NEW DELHI – India crossed 1 million cases of coronavirus on Friday, third only to the United States and Brazil, raising concerns about its readiness to face an inevitable surge that could overwhelm hospitals and test the country’s weak health system.
An increase of 34,956 new cases in the last 24 hours brought the national total to 1,003,832.
The Ministry of Health also reported a record number of 687 deaths for a total of 25,602. He said 635,757 people have recovered and the recovery rate continues to improve to 63%.
The grim milestone comes at a time when several Indian states are imposing specific blockades to stop the outbreak amid frenzied efforts by local governments to protect the economy.
So far, three states, Maharashtra, Delhi and Tamil Nadu, have accounted for more than half of all cases. But in the vast countryside of India, which is much less prepared and with weaker medical care, the pandemic is clearly growing.
“Acceleration in cases remains the main challenge for India in the coming days,” said Dr. Ashish Jha, director of the Harvard Institute of Global Health, adding that the vast majority of cases were still being lost.
The continued increase has forced authorities to reestablish blockades in some cities and states.
In Bangalore, a city that prides itself on being India’s hub of technological innovation, the government ordered a week-long shutdown that started Tuesday night after cases increased exponentially.
In Bihar, an eastern state with a population of 128 million and a fragile health system, a two-week shutdown was announced on Thursday.
In Uttar Pradesh, the most populous state with more than 200 million people, authorities have begun placing residents under strict weekend curfews, which will remain in effect until the end of the month.
Other local governments are increasingly focusing on smaller locks that protect the economy. Nearly a dozen states have imposed restrictions on “buffer zones,” areas that can be as small as a few houses or a street.
Dr. Anant Bhan, a global health researcher, said India would likely see “a series of spikes” as the infection spread in rural areas. He noted that the capital of New Delhi and the financial capital, Mumbai, had already seen waves, while infections have now moved to smaller cities.
India’s response to the virus was initially slow and then bought time by locking up its entire population of 1.4 billion people when Prime Minister Narendra Modi imposed a three-week national blockade on March 24.
“If (the) situation is not managed in these 21 days, the country and his family could go back 21 years,” Modi said in a televised speech to the Indians, many of whom still did not know the magnitude of the crisis in the country. . country.
The national blockade, then extended for an additional five weeks, came at a huge economic cost amid an unprecedented humanitarian crisis when millions of impoverished migrant workers were forced to return to the countryside due to job losses and hunger.

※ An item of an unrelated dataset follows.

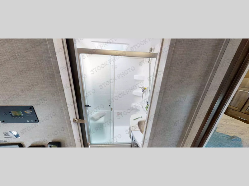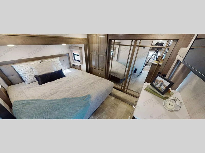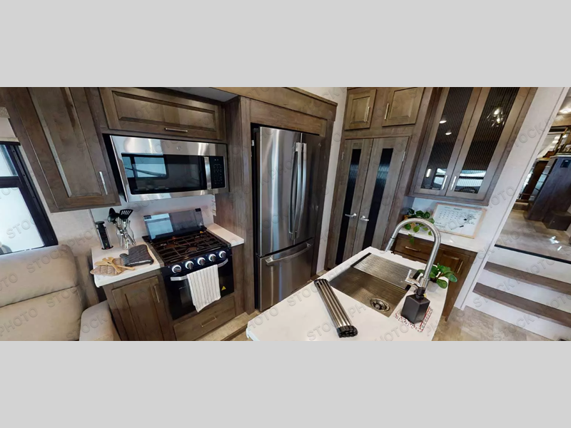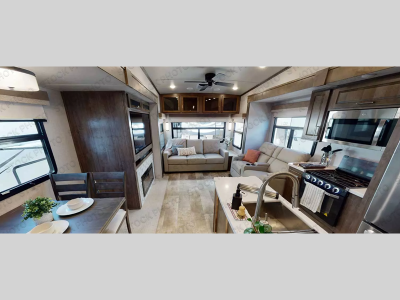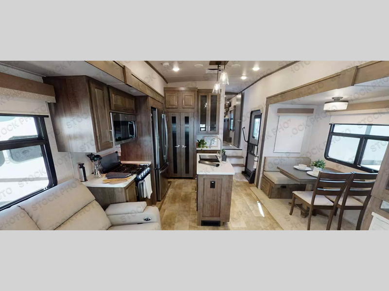 Get ready to enjoy the outdoors while inside with the enormous windows in both the rear and the door side slide of this fifth wheel. The spacious main living area offers dual opposing slides giving you a great place to invite other RVers over to visit, eat, and even play cards. There is seating for nine on the 39" chairs and bench, the theater seats, and the rear hide-a-bed sofa. The cook will have a large refrigerator to store lots of drinks and cold food, plus a pantry, and the center island offers extra counter space plus seating. After everyone has left, retire to the front bedroom with a king bed slide, a shirt closet, a wardrobe with washer/dryer prep, plus more storage and a TV option.

Aiming to increase the capacity of the healthcare system, the crash slowed the virus, but it was not enough. Cases continued to rise as evidence remained abysmally low and the virus shot through the vast landscape of India, from the high Kashmir Himalayas to the expansive beaches of Kanyakumari in Tamil Nadu.
“The slowdown is not eradication,” said Jayaprakash Muliyil, an epidemiologist at Christian Medical College in Vellore.
Muliyil said India had to try to curb the virus because it did not have enough beds, but was only partially successful, as the “requirement was quite large.”
India’s public health care system is one of the least chronically funded in the world, and access to hospitals in rural areas is very low. Experts say the challenge for India will be to slow the opening of the economy by trying to restrict the increase in cases to manageable levels that do not overwhelm hospitals.
“India’s strategy for the future will revolve around containment areas,” said Rajesh Bhushan of the Indian Federal Ministry of Health. Once more zones are mapped, health workers will go from house to house and evaluate those with symptoms, he said.
Experts say low testing remains a concern.
Dr. Ujjwal Parakh, a senior consultant in the department of respiratory medicine at Ganga Ram Hospital, New Delhi, said authorities could have been more transparent about the testing guidelines.
Initially, India had some of the strictest testing criteria in the world and used only a third of its testing capacity. After months of slowness, testing has now increased, from a single lab in January to more than 1,200.
More than 300,000 samples are analyzed every day. In some cities, it has also allowed over-the-counter testing. “The battle plan is to do everything we know works. Open the economy, as much as it is safe. Follow things very closely, ”said Jha. “But don’t let the virus establish itself.”